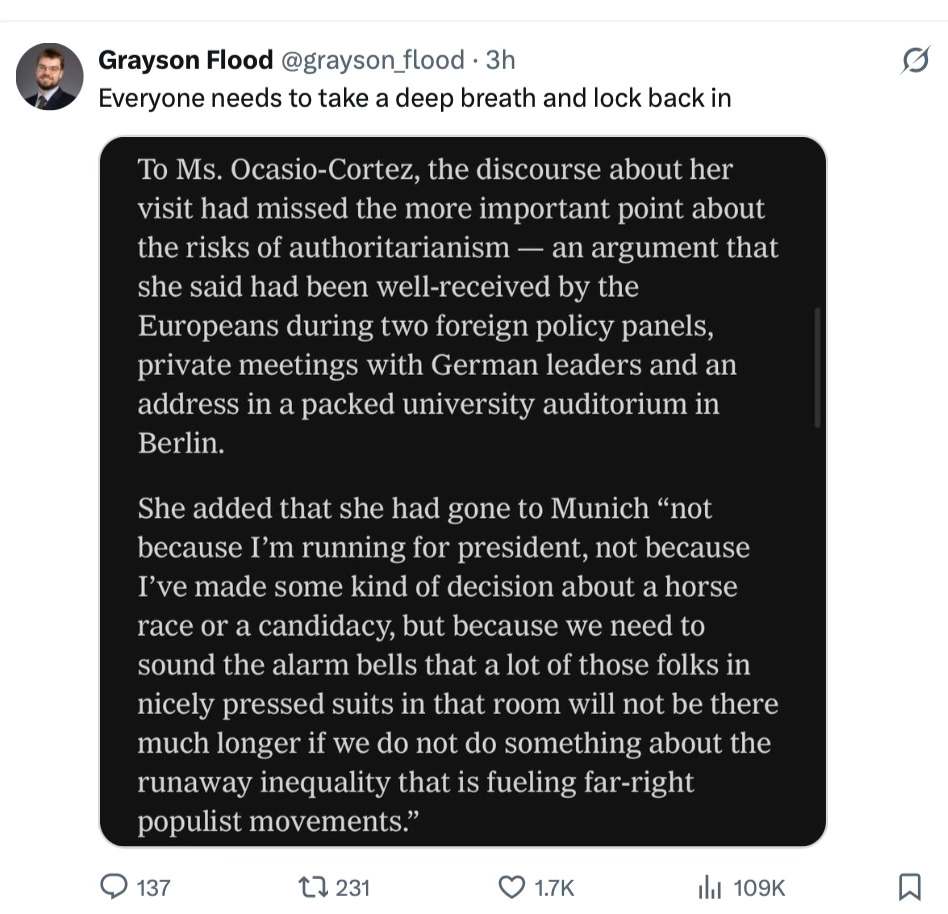 None of the Dems in Munich distinguished themselves. AOC raised her profile with the same “short clips” she decries—vibing while she knits and simplifying governance to soundbites of remarkable vacuity.
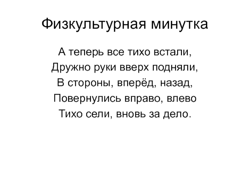 Физкультурная минутка А теперь все тихо встали,Дружно руки вверх подняли,В стороны, вперёд, назад,Повернулись вправо, влевоТихо сели, вновь
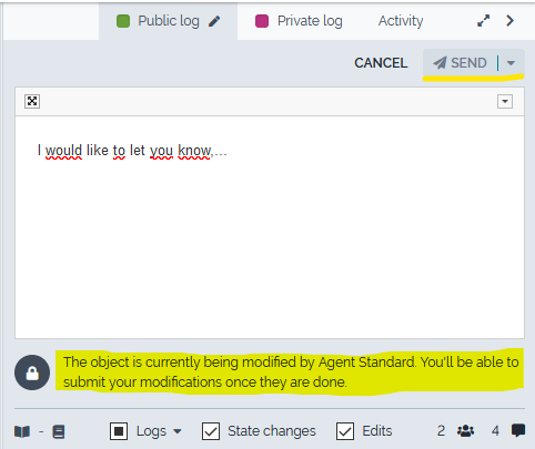 • If a user enter some text or just try to edit a caselog in the activity panel of an object currently under edition, or simply under caselog edition by another user, then the first user receive a small message to let him know that he will only be able to submit his entries once the other user will have finished. Notice that the Send button is greyed for that first user.
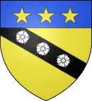 Armes : d'azur à un chef cousu de gueules, émanchi d'or de trois pièces.[3] ou D'azur, au chef cousu de gueules émanché de trois pièces d'or.
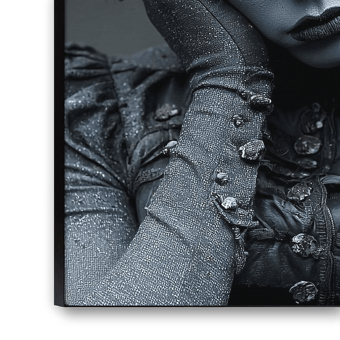 Der neutrale graue Hintergrund hebt die Textur und die Farbe der Kleider und Blumen hervor und schafft einen zeitlosen, ruhigen Look. Dieses Stück eignet sich ideal für Innenräume, die einen Hauch von Nostalgie und Raffinesse vermitteln sollen, wie z. B. Wohnzimmer, Schlafzimmer, Boutique-Hotels und Galerien.
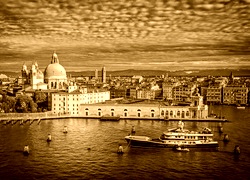 Edytor tapety: Wenecki kanał z zacumowanym statkiem i widokiem na Bazylikę św. Marka
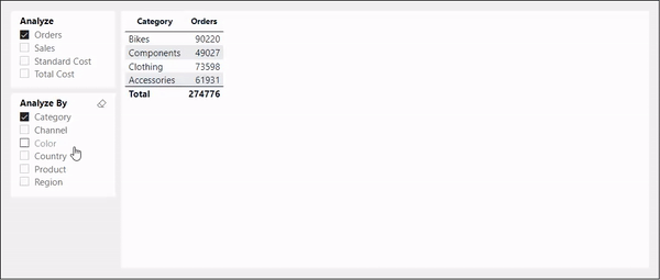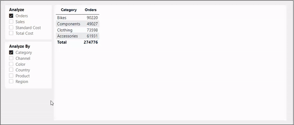 - Keep your dimensions and measures in separate parameters: it helps to keep things simple and separates the slicer values according to their usage. After all, it doesn’t make sense to show measures on a line chart’s x-axis or a dimension on the y-axis (neither is it allowed).
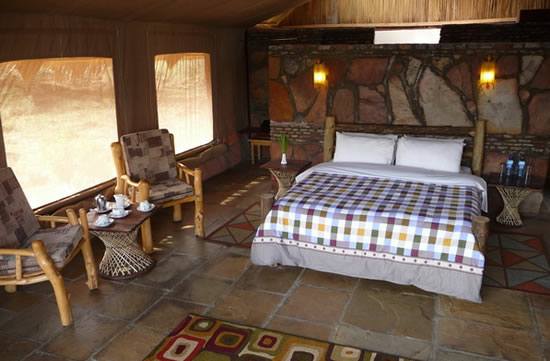 Après le petit déjeuner, départ pour le lac Baringo. Pique-nique au parc de Bogoria pour admirer les flamants roses et les pélicans. Vers 14h00 départ pour le lac Baringo et observation de geysers. Installation au Robertson Camp, puis départ pour une balade en bateau. Nuit en tentes pré-montées au camp.
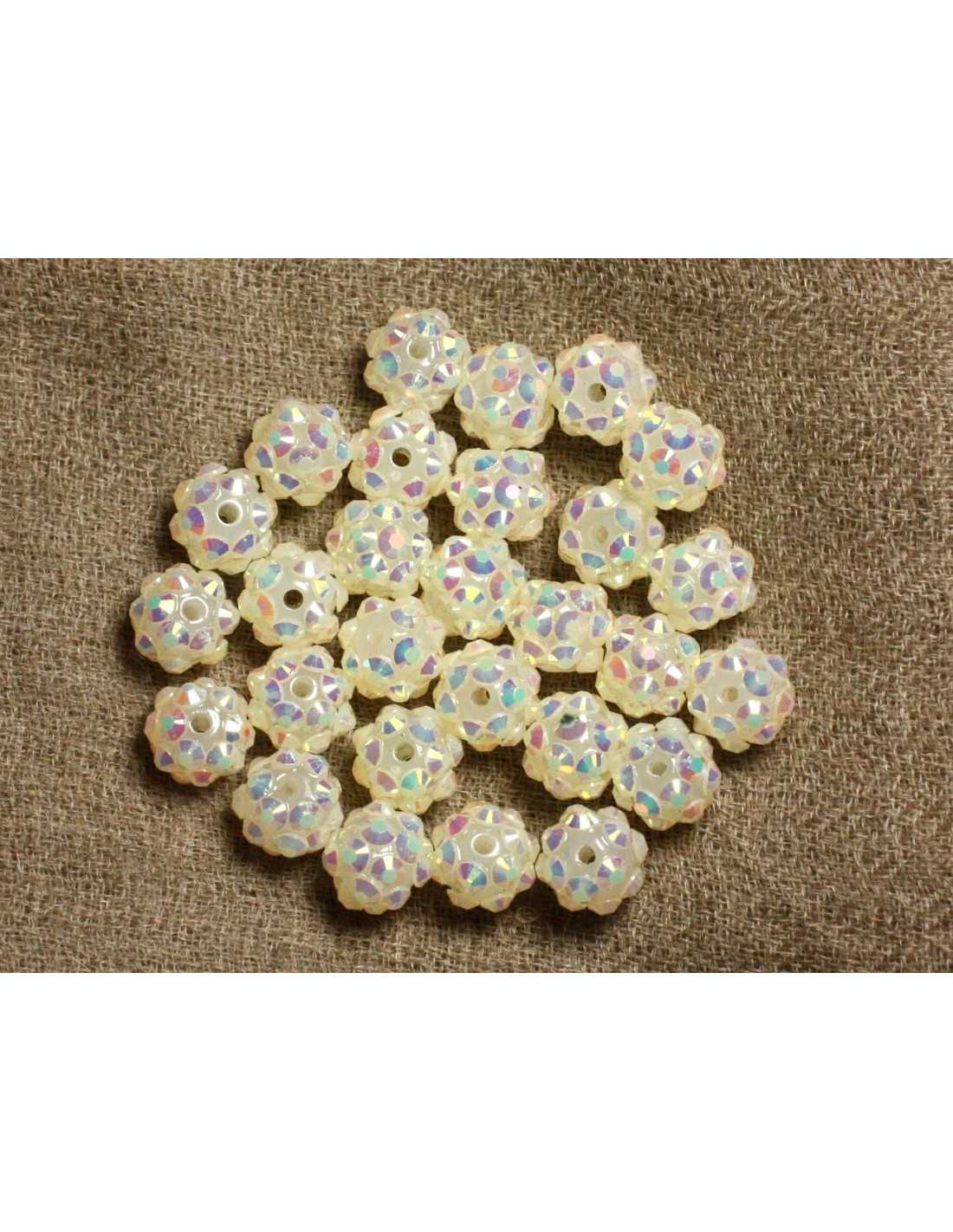 10pc - Shamballas Beads Resin 10x8mm Transparente Crema Blanco y Multicolor

────────

**Assignment:**
With every picture left out, print exactly the lines from the one containing "Edytor tapety: Wenecki" through the final line of the material above.

**Written response:**
 Edytor tapety: Wenecki kanał z zacumowanym statkiem i widokiem na Bazylikę św. Marka
 - Keep your dimensions and measures in separate parameters: it helps to keep things simple and separates the slicer values according to their usage. After all, it doesn’t make sense to show measures on a line chart’s x-axis or a dimension on the y-axis (neither is it allowed).
 Après le petit déjeuner, départ pour le lac Baringo. Pique-nique au parc de Bogoria pour admirer les flamants roses et les pélicans. Vers 14h00 départ pour le lac Baringo et observation de geysers. Installation au Robertson Camp, puis départ pour une balade en bateau. Nuit en tentes pré-montées au camp.
 10pc - Shamballas Beads Resin 10x8mm Transparente Crema Blanco y Multicolor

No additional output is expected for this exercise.